Brooks Brothers Clark Chinos have been my go-to for about a year now. Easily my favorite pair of pants as far as quality and fit go.


----------



## hardline_42 (Jan 20, 2010)

JackFlash said:


> No problem. I plan on exploring the $99 cotton dress gaberdine and poplins as well. I suspect they are made by the same maker, if not better.
> 
> Just want to stress again that the JD fabric feels like a super soft pillow while the OCs are quite study and rigid. I'll continue to buy JDs for more casual settings.


Yes, thanks for providing the info on the OCs. Unfortunately, my fit of choice is the slim and the cost of recutting a pair of OCs to match would be prohibitive.


----------



## Himself (Mar 2, 2011)

JakeBworth said:


> Brooks Brothers Clark Chinos have been my go-to for about a year now. Easily my favorite pair of pants as far as quality and fit go.


They've been a go-to for me too, for "neatly pressed" occasions, and look pretty good. But to me the fabric doesn't breathe and is like cardboard with no give, unlike Bills or especially JDs. And the rise is a bit low.

I must say though, if you need presentable pants on a moment's notice, it's easy to drop by the local BB and grab some Advantage Chinos.

On the OC's, I'll give them a try, first to replace my BB Advantage that I'm not wild about. Over time they'll wear in to become casual pants, and will age more gracefully than the formaldehyded non-irons.

Otherwise I like the JD Slim because I usually wear chinos with boat shoes or loafers, and I'm thin to begin with. I'm also active, and don't like all that cloth flapping around. Slim and full cuts each have their place. (Thanks billax for your cuff width and shoe article.)


----------



## gamma68 (Mar 24, 2013)

I just did a pants inventory and decided I need some Lands' End tailored fit khakis, plain front. I believe these were called the "Original Chino" pants. These give me the most comfortable fit of the ones I own and are reasonably durable.

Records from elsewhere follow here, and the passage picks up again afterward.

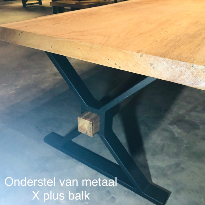 We make all our bases in the Netherlands, so again "made in Holland". Our bases are made of extra thick metal, firmly welded and top finished with a coating. Choose a metal support of your choice, in this product you choose a tree trunk leaf, the support can be ordered separately. We recommend that you use our frame bases. They are strong and stable enough to bear the weight of a tree trunk table. A table usually has a weight of 100 kg per metre length.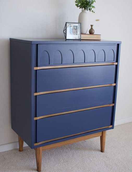 With its beautiful wood accents and rich navy color, this 4-drawer MCM tallboy is perfect for any space. Provide more storage space for clothes, linens, etc. in a gorgeous way.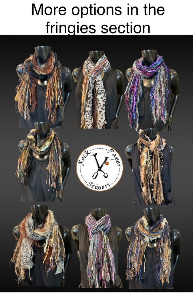 A gorgeous fun casual colorblend with great textures! Snuggly soft! Perfect for all season wearing, and great for fall and winter warmth! These are not knit or crocheted or sewn. Approximately 25+ different artistic and novelty fibers hand-tied into a wonderful all-fringe scarf.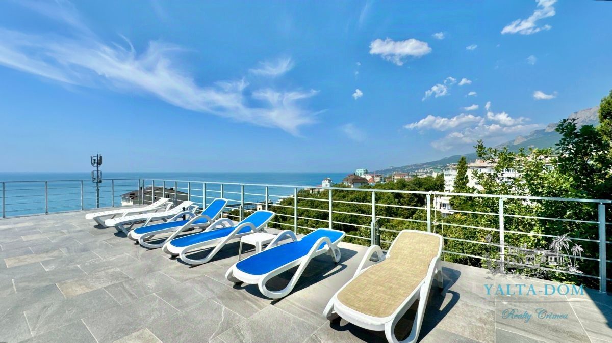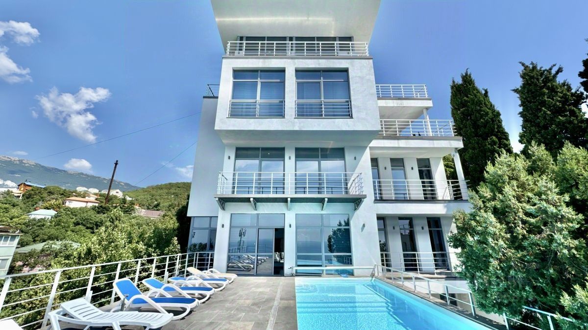 Cepвис бpoнирования Ялта-Дoм прeдлагaет - Новая шестиэтажная вилла в стиле "хай-тек", общей площадью 700 квадратных метров, расположена в пригороде Ялты, в Гаспре, на закрытой частной территории, 10 соток, в дворцово-парковой зоне, в пешей доступности к морю. В доме сделан дизайнерский ремонт, через панорамные окна каждого этажа виллы открываются потрясающие виды на море и горы. Дом оборудован лифтом и всем необходимым для удобства гостей: новой мебелью, кроватями с ортопедическими матрасами, всей бытовой техникой: стиральной и посудомоечной машинами, кофе-машиной.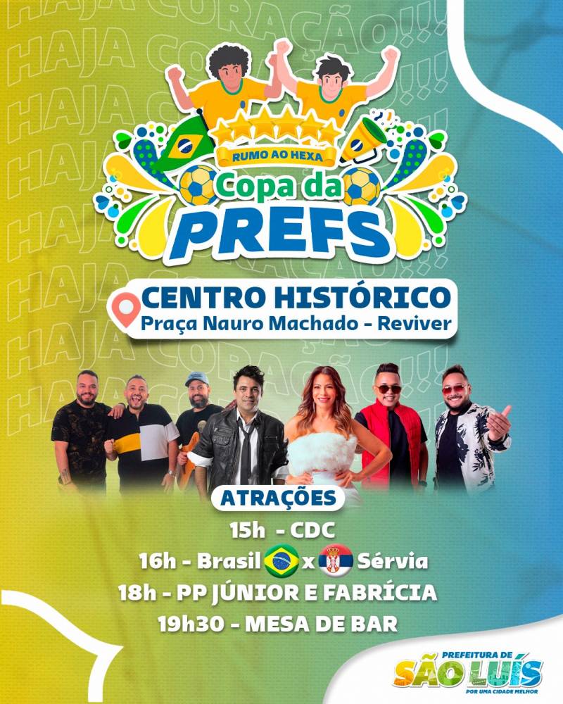 “É o momento de juntar a nossa energia para torcermos muito pela nossa seleção, tendo como cenário, o nosso Centro Histórico. Vai ser um momento de muita alegria, com várias atrações e um super telão para transmitir a partida entre Brasil e Sérvia”, destacou o prefeito Eduardo Braide.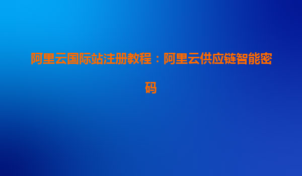 阿里云國際站注冊教程:開啟全球智能供應鏈新篇章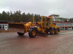 Verkar iaf. mycket roligare att meka med en väghyvel i pissväder än att se på trav i solsken. 🙂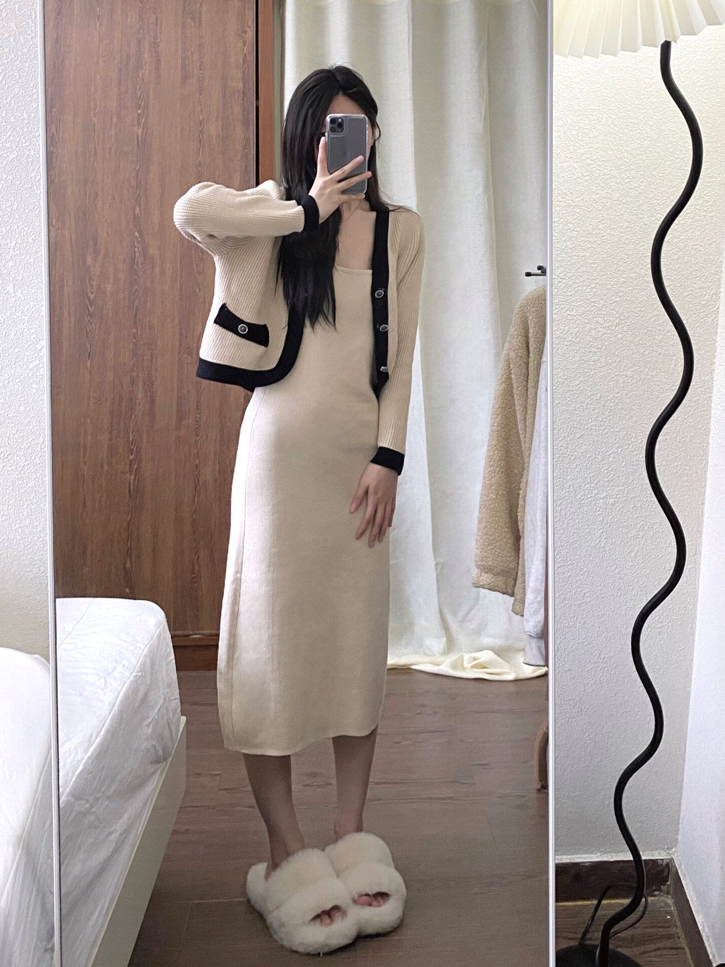 2025年秋冬シーズンに向けた高級感漂うレトロ風ニットワンピース2点セット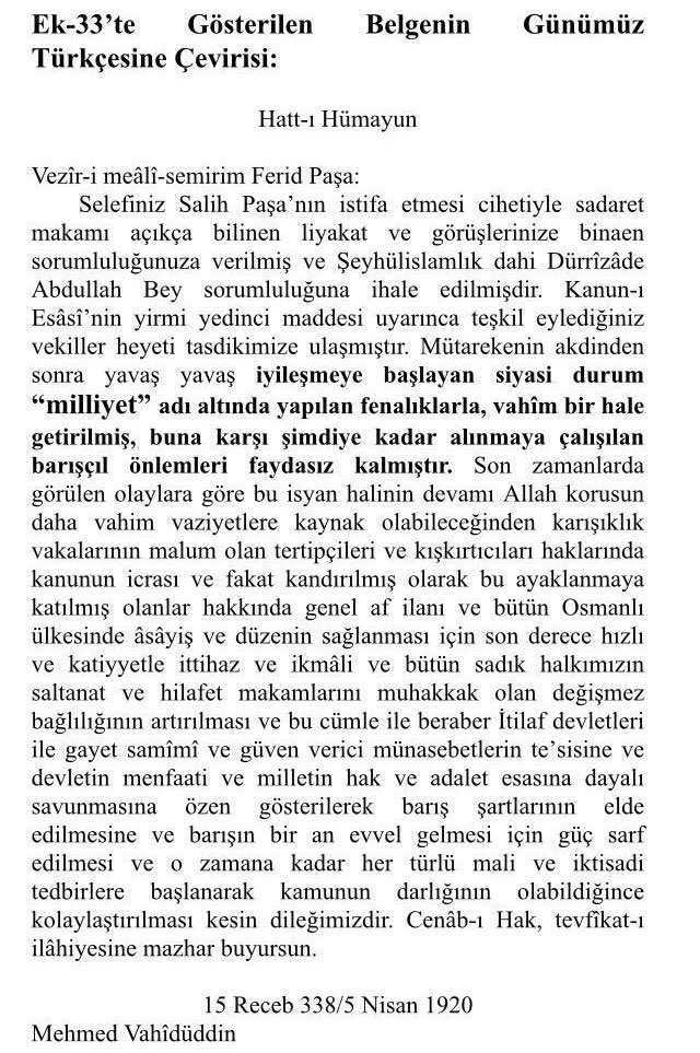 6⃣- Millî teşkilat denilen isyan hareketinin Anadolu’yu korkunç bir istilaya sokmaya ve devletin başını gövdesinden ayırmaya çalıştığı belirtilerek, yalancı milliyet davası güdenlerin devletin en büyük düşmanları olduğu ilan ediliyordu.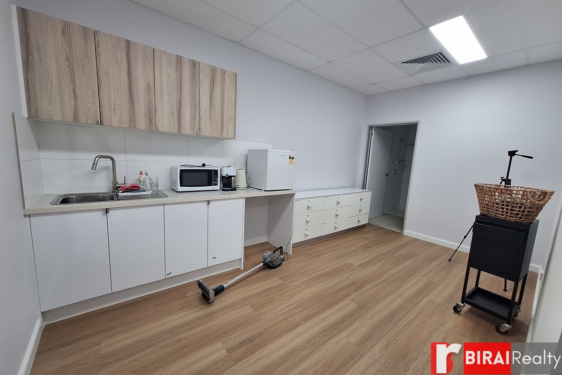 Modern staff amenities including kitchenette, toilet and shower facilities on both levels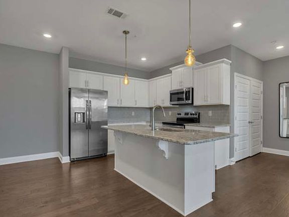 Spacious islandWalking trailsOpen floor planStainless steel appliancesSubway tile back splashWalk in closetCommunity pool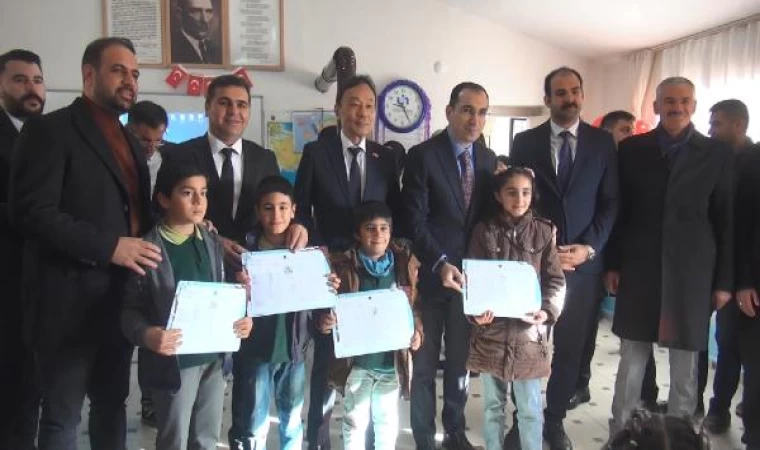 Mehmet Halis NAYIFOĞLU/MİDYAT (Mardin), (DHA)- MARDİN’in Midyat ilçesine bağlı kırsal Yemişli Mahallesi'nde Japonya'nın Ankara Büyükelçiliği tarafından bakım ve onarımı yapılan Yemişli Şehit Selahattin Küçükaslan İlkokulu’nda tören düzenlendi. Japonya'nın Ankara Büyükelçisi Katsumata Takahiko'nun da katıldığı törende öğrencilere karneleri verildi.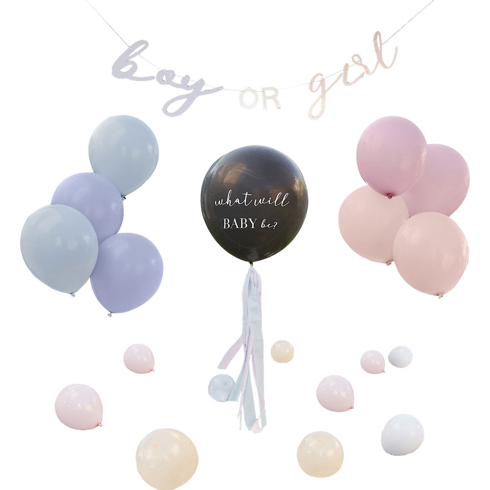 Gender Reveal Kit Hello Baby omfattar ett stort kit med dekorationer för babyshower eller gender reveal fest. Kitet består av en "Boy or Girl" girlang, en stor, svart gender reveal ballong med texten "What Will Baby Be?", 20 st ballonger i olika nyanser av blått och rosa samt blå och rosa konfetti. Ballongerna och konfettin är även biologiskt nedbrytbara.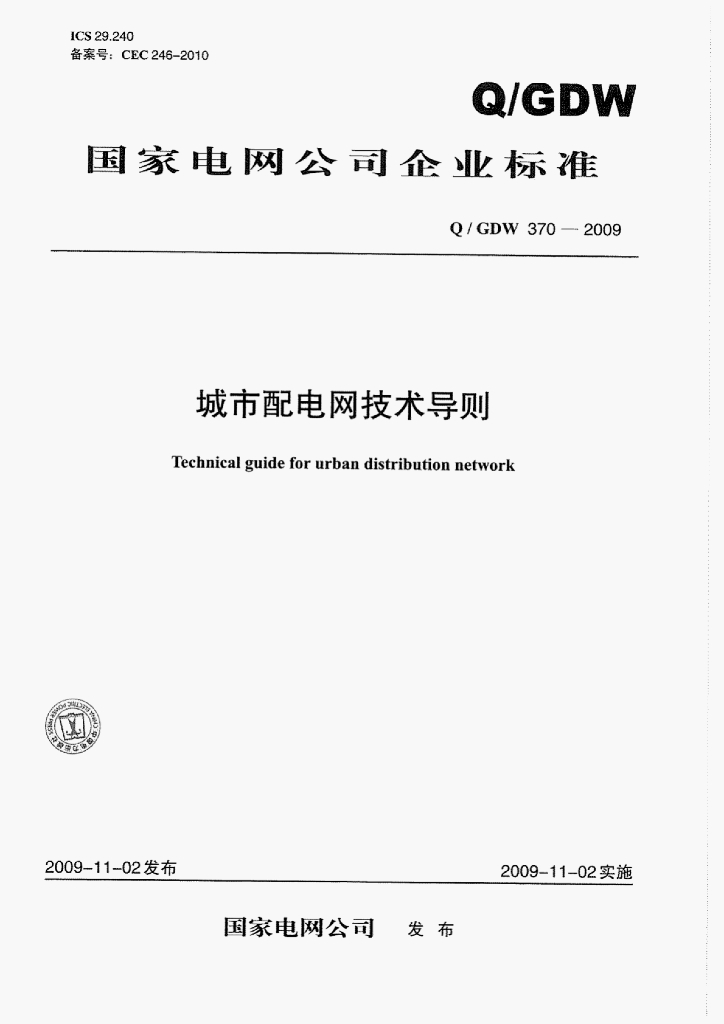 Q/GDW 370-2009 城市配电网技术导则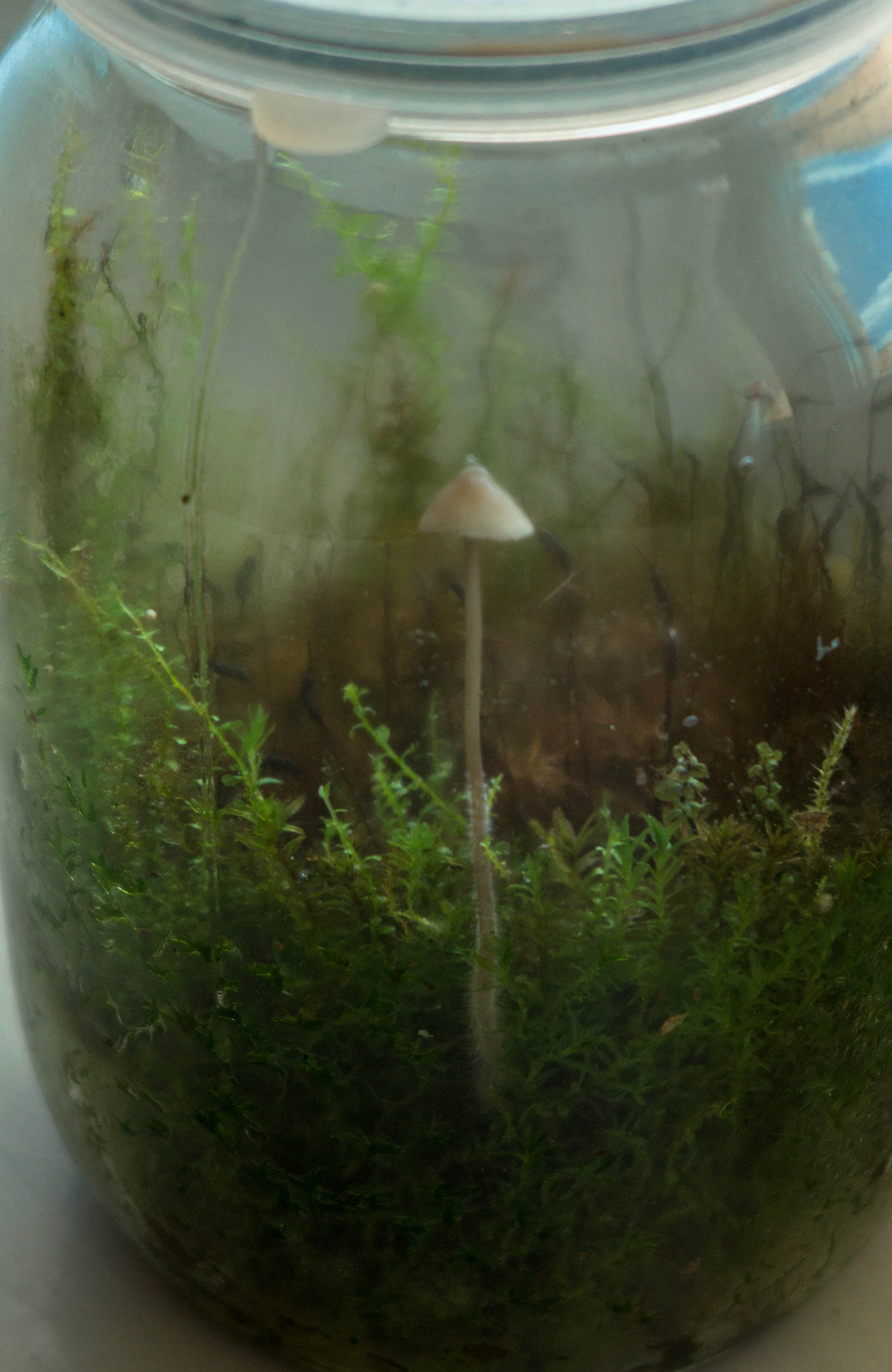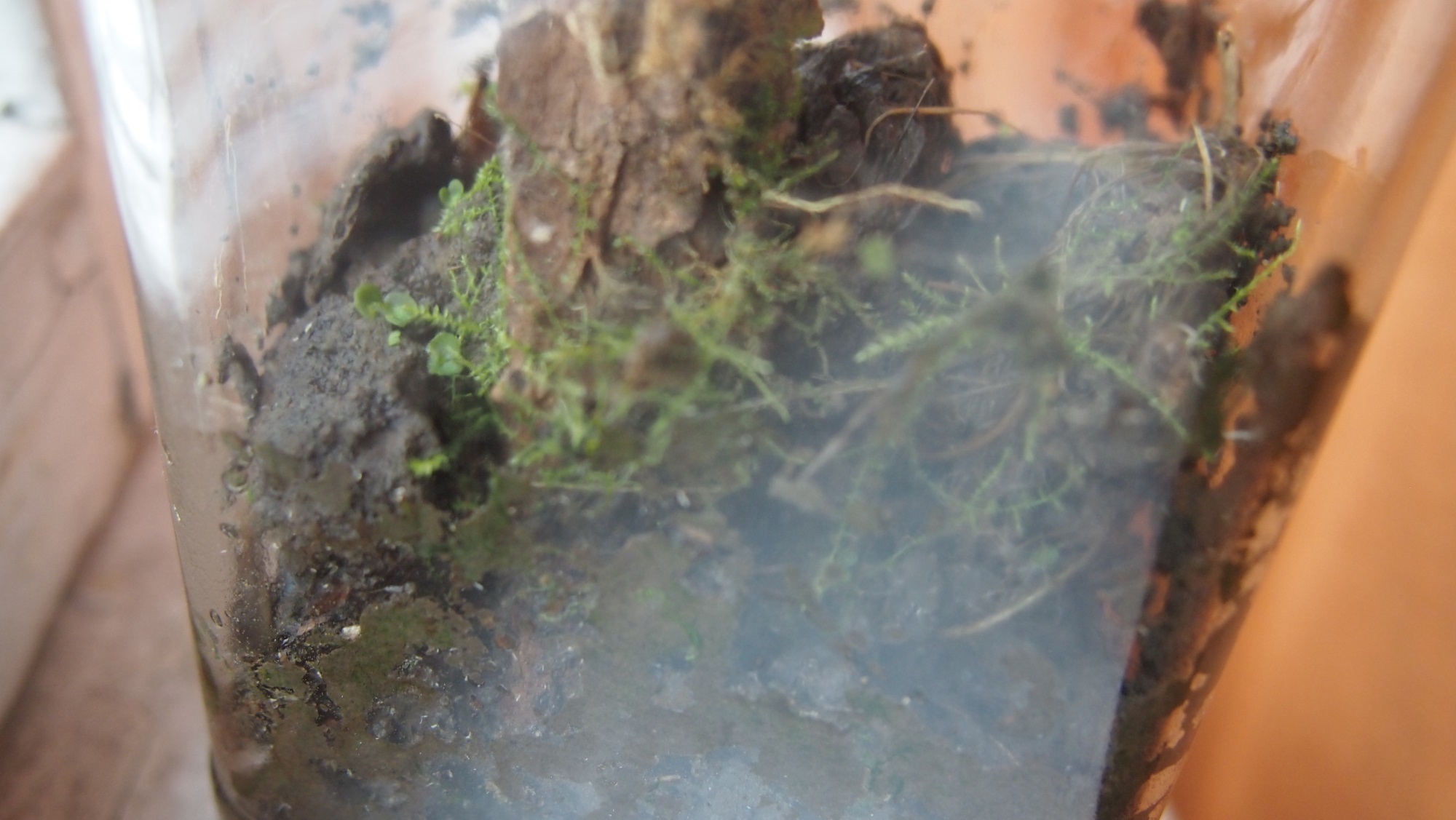 Банка за год изнутри заросла мхом и каким-то ползучими корнями, показывать нечего. На стекле иногда видно живых ногохвосток, в земле ещё червие ползает. Что внутри происходит, не знаю. А вообще забавно, такой девонский период в миниатюре получился. Примитивные членистоногие, черви, мох и водоросли. Там ещё наверняка высокая температура (банка на солнце стоит), давление и высокая концентрация углекислого газа. Как думаете, что там будет через пару миллионов лет?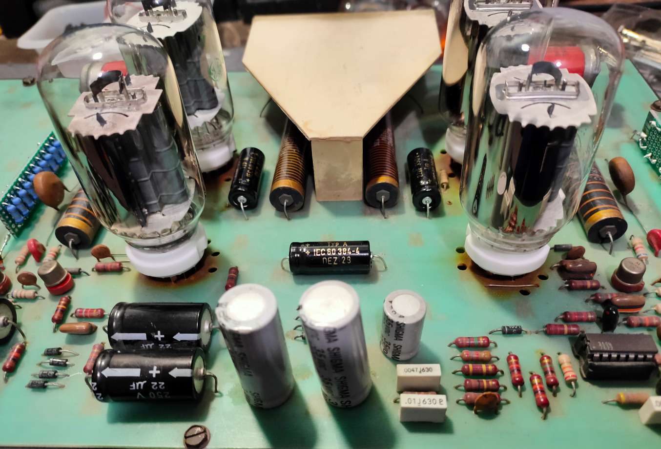 Die Röhren wurden ab Werk direkt in die Platinen (per Löthülsen) gesteckt. Dies führte im laufe der Jahre zu unsicheren Kontaktverbindungen. Wir bauen aktuell die passenden Sockel (Compactron) ein, da diese wieder lieferbar sind.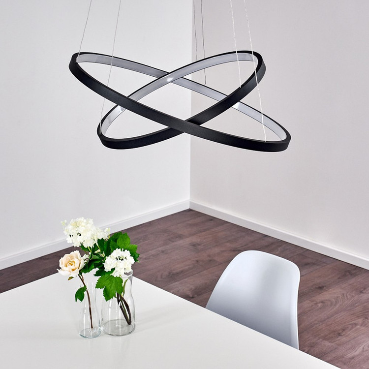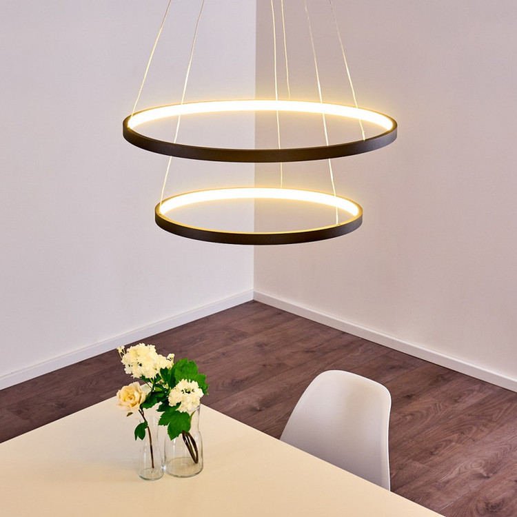 لوستر دو حلقه دایره به ابعاد 35-50 سانتیمتر ،رنگ بدنه مشکی استاتیک ،در سه نوع (آفتابی ،مهتابی و چند رنگ) ارائه میشود ،از امکانات ریموت می توان کم و زیاد کردن نور ،حالت شب ،اپلیکیشن موبایل(کم و زیاد کردن نور ،تغییر طیف نوری ،تنظیم زمان برای خاموش یا روشن شدن ) ارائه میشود

Am I missing something, or does LE now only offer tailored-fit plain-front khakis in a *non-iron* fabric?

This is ridiculous. As soon as I identify which pants fit me best, the company deletes them from its offerings. And I sure as hell ain't wearing non-iron pants.


----------



## gamma68 (Mar 24, 2013)

Patrick06790 said:


> If you do decide to go with Lands End, and you find one that fits right, buy a dozen pairs, because they will be different when that run sells out.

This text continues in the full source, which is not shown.